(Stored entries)
________________________

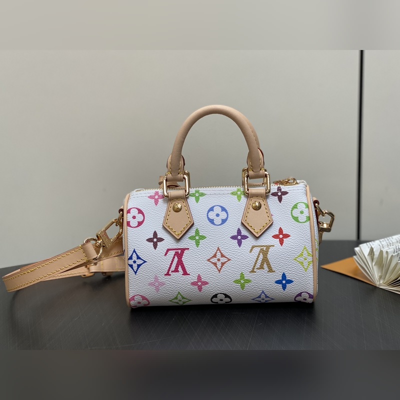 Tämän vuoden uusi M13391 valkoinen tyynylaukku speedy-sarja LV Takashi Murakami yhteinen NANOSPEEDY käsilaukku M13406 musta Tässä Nano Speedy -käsilaukussa yhdistyvät Monogrammi-kangas- ja lehmännahan koristepainatus, 33 värikästä väriä tulkitsemaan valkoista kolmiväriä ja mustaa kolmiväriä. Se on suosittu kaikkialla maailmassa, ja julkkikset rakastavat sitä. 16x10x7,5 cm.
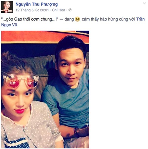 Thời gian gần đây, ca sĩ Thu Phượng thường xuyên đăng tải hình ảnh chụp chung với ca sĩ trẻ Trần Ngọc Vũ lên trang cá nhân kèm theo những dòng chia sẻ “mùi mẫn”.
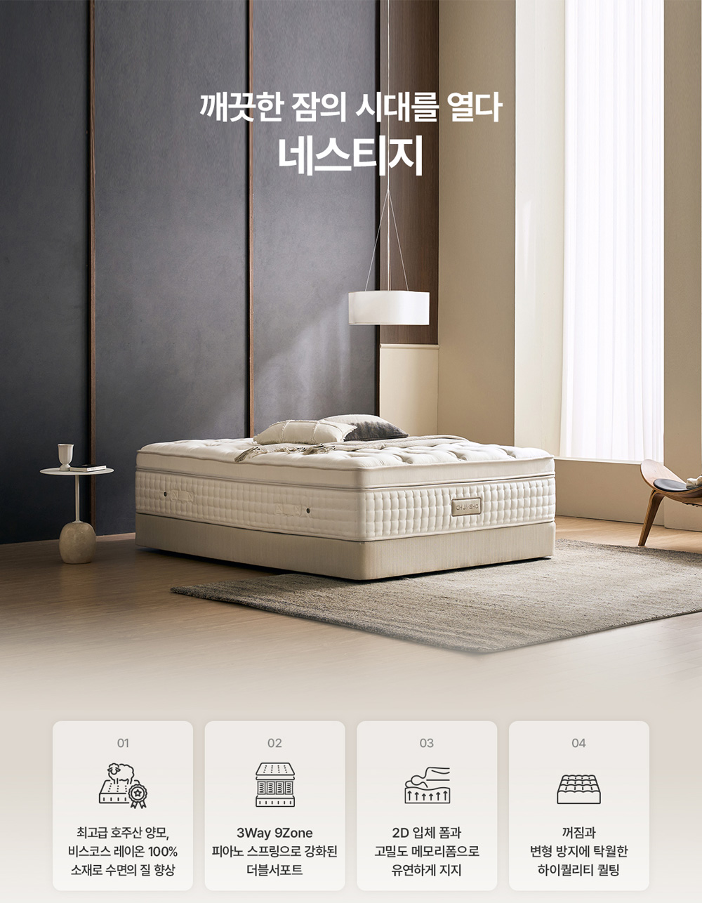 네스티지 매트리스 청호나이스 [청호나이스] 네스티지 매트리스 SS/Q/K/LK 제품분류 매트리스 AS기간 렌탈기간내 최저 렌탈가 월 38,900 (렌탈가) 제휴카드 할인가 월 (렌탈가) 5년 6년 슈퍼싱글 퀸 킹 라지킹 방문관리/4개월 방문관리/4개월(타사보상) 할인 제휴카드 보기 렌탈신청 장바구니
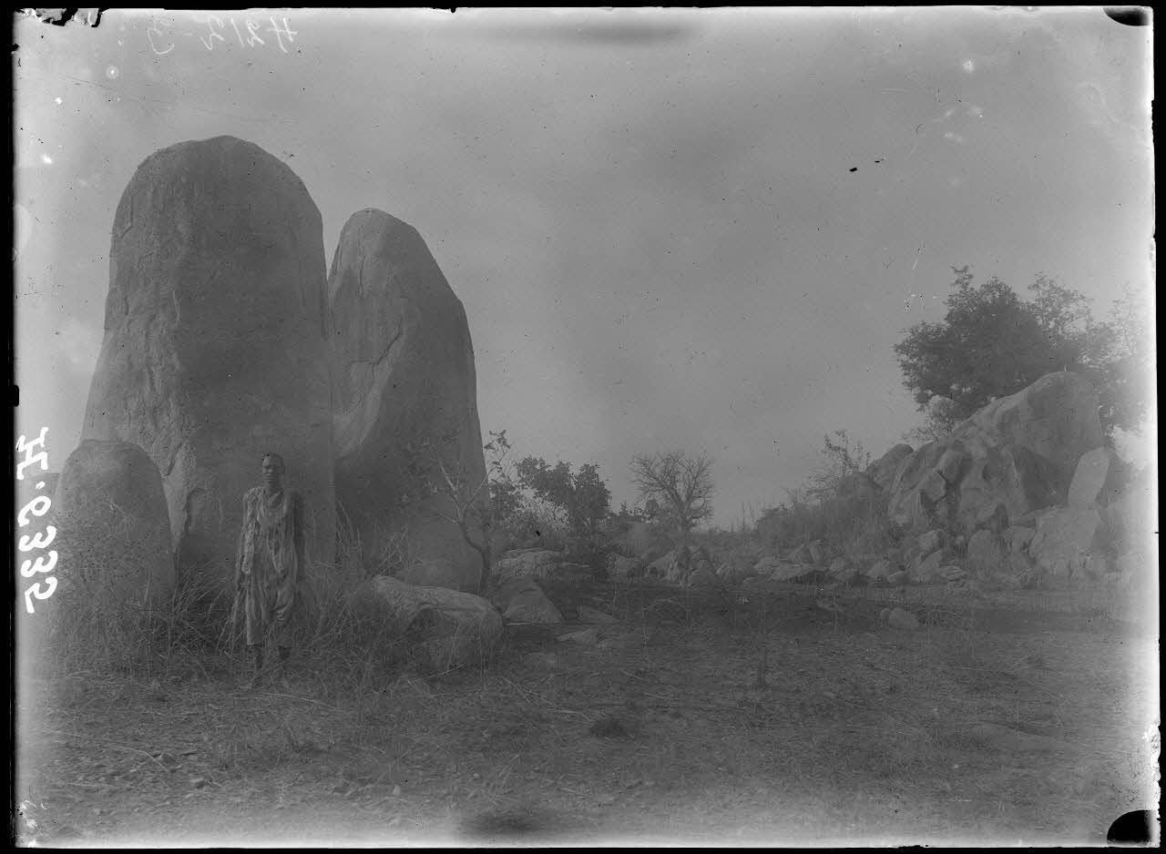 Route de Garoua à Maroua. Matafal. Aspect de la contrée, masses granitiques. [légende d'origine]
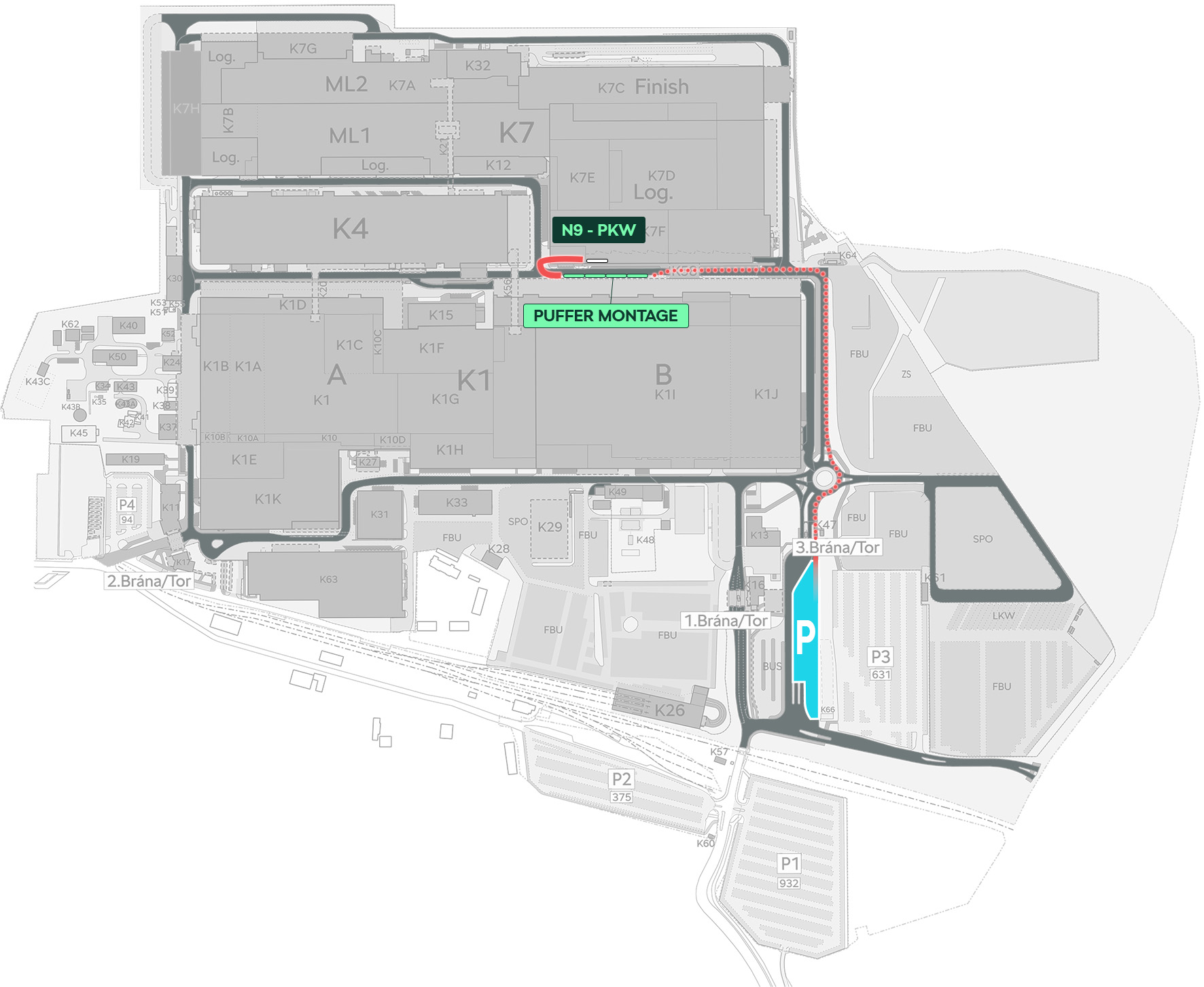 Měl/a byste se nacházet na vyčkávací pozici PUFFER MONTAGE a dále pokračovat na sklad N9_PKW.
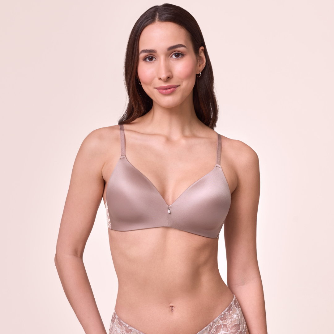 Smooth, seamless, wireless plunge molded t-shirt bra. This is a body hugging bra made with ultra-soft microfiber and soft molded foam cups. Great for lower neckline outfits and tank top styles. The soft power mesh side wings support around the band and the cups offer a fantastic smooth shape for every day wear.
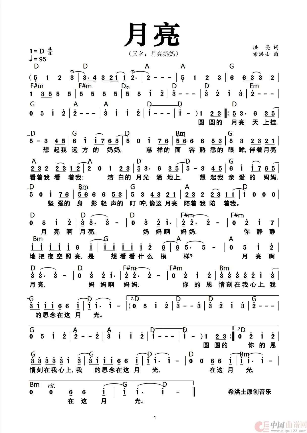 《月亮》又名“月亮妈妈“,一首很抒情的思念之歌,借月亮表达对离去亲人的思念。
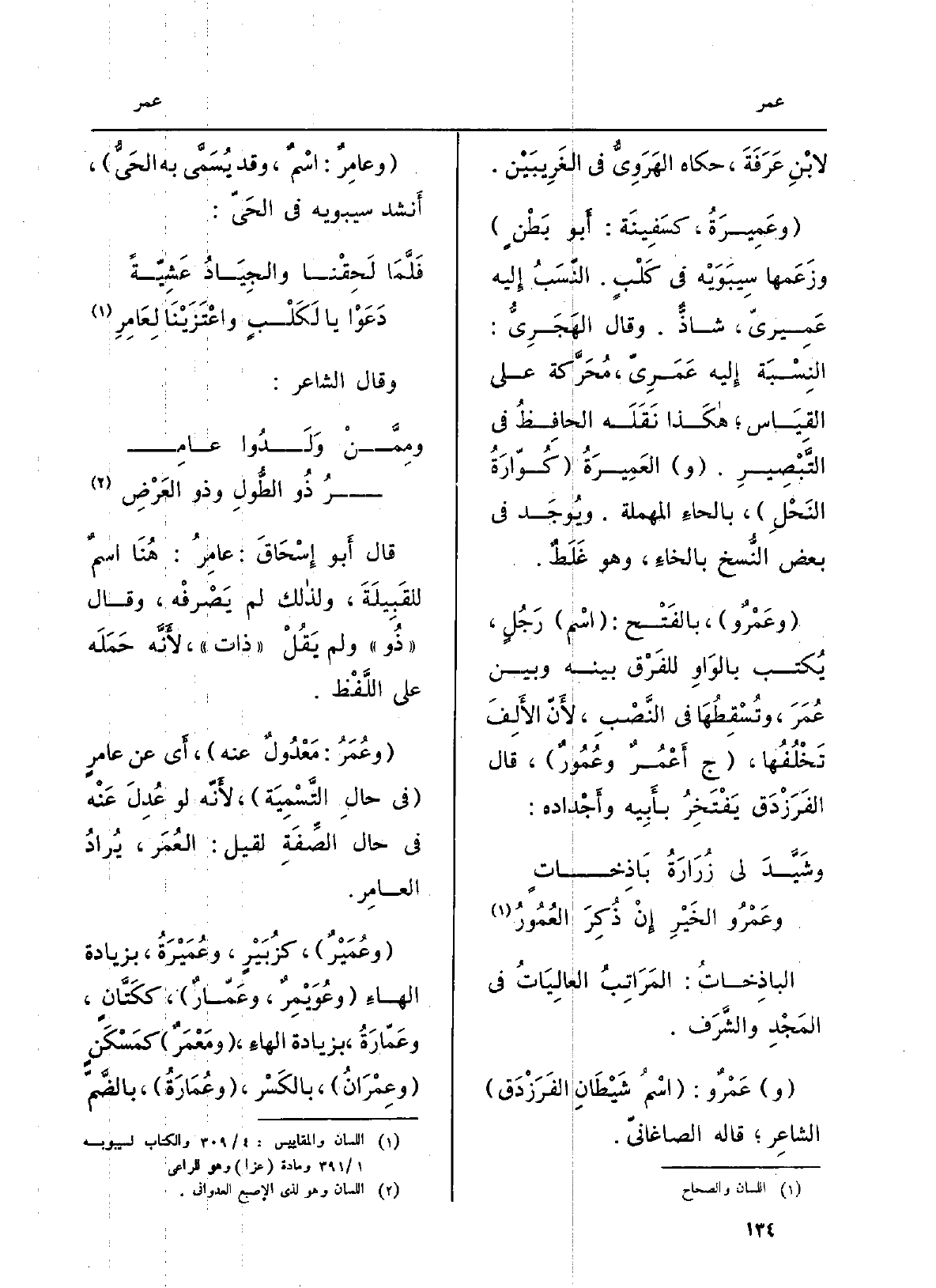 قَالَ أَبو إِسْحَاقَ: عامِرُ: هُنَا اسمٌ للقَبِيلَةَ، وَلذَلِك لم يَصْرفْه، وَقَالَ ذُو وَلم يَقُلْ ذَات، لأَنَّه حَمَلَه على اللَّفْظ. وعُمَرُ: مَعْدُولٌ عَنهُ، أَي عَن عامرٍ وَفِي حالِ التَّسْمِيَة، لأَنّه لَو عُدِلَ عَنْه فِي حَال الصِّفَةِ لقيل: العُمَر، يُرادُ العامِر. وعُمَيْرٌ، كزُبَيْرٍ، وعُمَيْرَةُ، بِزِيَادَة الهاءِ وعُوَيْمِرٌ، وعَمّارٌ، ككَتَّانٍ، وعَمّارضةُ، بِزِيَادَة الهاءِ، ومَعْمَرٌ كمَسْكَنٍ وعِمْرَانُ، بالكَسْر، وعُمَارَةُ، بالضَّم

________________________

## EXERCISE BRIEF
In the copy you write, the data above must appear exactly, with no pictures.

## RESPONSE TO THIS TASK
 Tämän vuoden uusi M13391 valkoinen tyynylaukku speedy-sarja LV Takashi Murakami yhteinen NANOSPEEDY käsilaukku M13406 musta Tässä Nano Speedy -käsilaukussa yhdistyvät Monogrammi-kangas- ja lehmännahan koristepainatus, 33 värikästä väriä tulkitsemaan valkoista kolmiväriä ja mustaa kolmiväriä. Se on suosittu kaikkialla maailmassa, ja julkkikset rakastavat sitä. 16x10x7,5 cm.
 Thời gian gần đây, ca sĩ Thu Phượng thường xuyên đăng tải hình ảnh chụp chung với ca sĩ trẻ Trần Ngọc Vũ lên trang cá nhân kèm theo những dòng chia sẻ “mùi mẫn”.
 네스티지 매트리스 청호나이스 [청호나이스] 네스티지 매트리스 SS/Q/K/LK 제품분류 매트리스 AS기간 렌탈기간내 최저 렌탈가 월 38,900 (렌탈가) 제휴카드 할인가 월 (렌탈가) 5년 6년 슈퍼싱글 퀸 킹 라지킹 방문관리/4개월 방문관리/4개월(타사보상) 할인 제휴카드 보기 렌탈신청 장바구니
 Route de Garoua à Maroua. Matafal. Aspect de la contrée, masses granitiques. [légende d'origine]
 Měl/a byste se nacházet na vyčkávací pozici PUFFER MONTAGE a dále pokračovat na sklad N9_PKW.
 Smooth, seamless, wireless plunge molded t-shirt bra. This is a body hugging bra made with ultra-soft microfiber and soft molded foam cups. Great for lower neckline outfits and tank top styles. The soft power mesh side wings support around the band and the cups offer a fantastic smooth shape for every day wear.
 《月亮》又名“月亮妈妈“,一首很抒情的思念之歌,借月亮表达对离去亲人的思念。
 قَالَ أَبو إِسْحَاقَ: عامِرُ: هُنَا اسمٌ للقَبِيلَةَ، وَلذَلِك لم يَصْرفْه، وَقَالَ ذُو وَلم يَقُلْ ذَات، لأَنَّه حَمَلَه على اللَّفْظ. وعُمَرُ: مَعْدُولٌ عَنهُ، أَي عَن عامرٍ وَفِي حالِ التَّسْمِيَة، لأَنّه لَو عُدِلَ عَنْه فِي حَال الصِّفَةِ لقيل: العُمَر، يُرادُ العامِر. وعُمَيْرٌ، كزُبَيْرٍ، وعُمَيْرَةُ، بِزِيَادَة الهاءِ وعُوَيْمِرٌ، وعَمّارٌ، ككَتَّانٍ، وعَمّارضةُ، بِزِيَادَة الهاءِ، ومَعْمَرٌ كمَسْكَنٍ وعِمْرَانُ، بالكَسْر، وعُمَارَةُ، بالضَّم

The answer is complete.